From: Ron Daniel <rdaniel@metacode.com>
Date: Sat, 13 May 2000 10:29:25 -0700
Message-ID: <0D611E39F997D0119F9100A0C931315C6105C9@datafusionnt1>
To: "'Eve L. Maler'" <Eve.Maler@east.sun.com>, w3c-xml-linking-ig@w3.org, "'www-rdf-interest@w3.org'" <www-rdf-interest@w3.org>
Cc: sergey Melnik <melnik@db.stanford.edu>, stefan Decker <stefan@db.stanford.edu>
I think that a lot of the issues in making a mapping
from XLinks to RDF statements have been covered in
various messages on and off various lists. Rather than
recapitulate those discussions, I think the fastest way
to get to adding an Appendix to the XLink spec is to
draft one and have people start to critique it.

So, here's a first draft. People should feel free to
critique it, you are not going to hurt my feelings.

Ron


Appendix X: Harvesting RDF Statements from XLinks

Introduction:
=============

The Resource Description Framework (RDF) [cite] is a
W3C Recommendation for providing machine-understandable
information about web resources. Both XLink and RDF provide
a way of asserting relations between resources. RDF is
primarily for describing resources and their relations, while
XLink is primarily for specifying and traversing hyperlinks.
However, the overlap between the two is sufficient that a
mapping from XLinks to statements in an RDF Model can be
defined. Such a mapping allows XML Linking elements in XML
documents to be harvested as a source of
RDF statements. XLinks thus provide an alternate syntax for
RDF information that may be useful in some situations.

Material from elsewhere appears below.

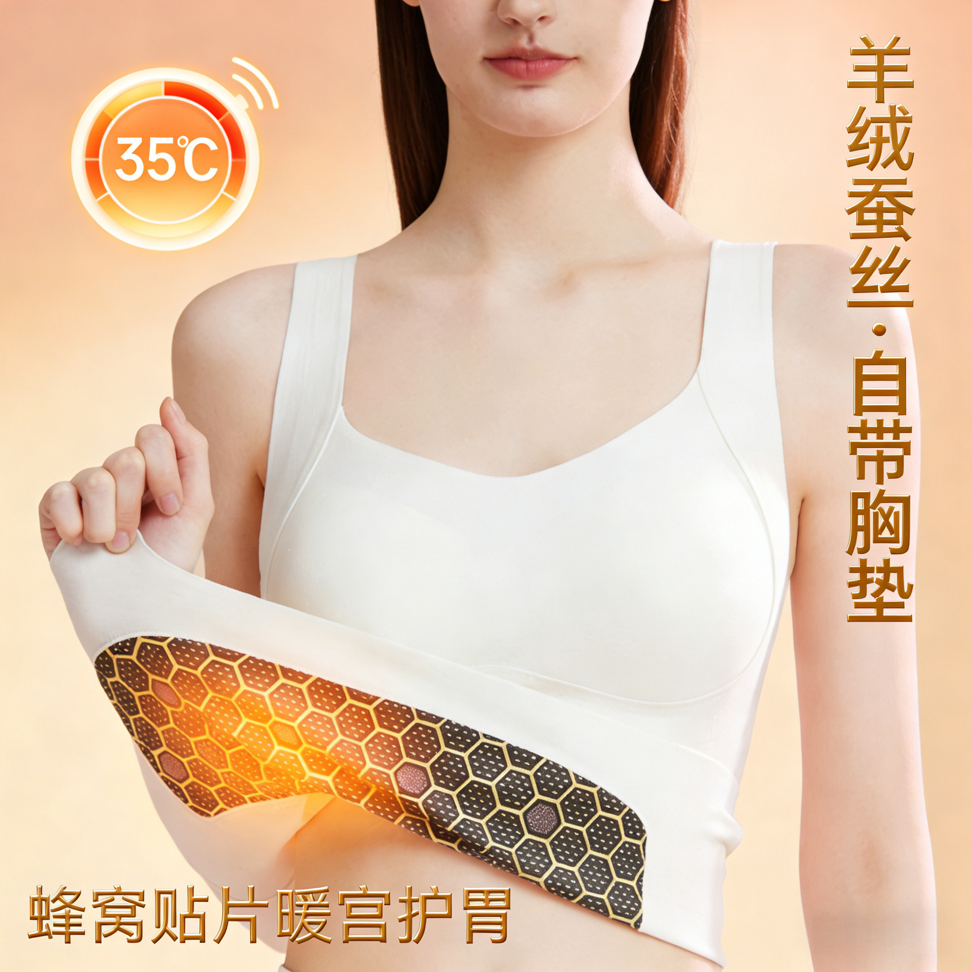 秋冬羊绒蚕丝保暖背心内搭带胸垫固定杯无痕美肤恒温保暖内衣女士

This appendix is (non?)-normative.

Readers of this appendix as assumed to be familiar with the
XML Linking specification, the RDF Model and Syntax 
Recommendation, and the RDF Schema (???) Recommendation.


Principles of the Mapping
=========================

Simple RDF statements are comprised of a subject, a predicate,
and an object. The subject and predicate are
identified by URIs, the object may be a URI or a literal
string. To map an XLink into a statement we
need to be able to determine the URIs of the subject and
predicate. We must also be able to determine the object -
be it a URI or a literal.

The general principle behind the mapping specified in
this document is that each arc in an XLink give rise to one RDF
statement. The starting resource of the arc is mapped to
the subject of the RDF statement. The ending resource of the
arc is mapped to the object of the RDF statement. The arcrole
is mapped to the predicate of the RDF statement. However, a
number of corner cases arise, so see the details of the mappings.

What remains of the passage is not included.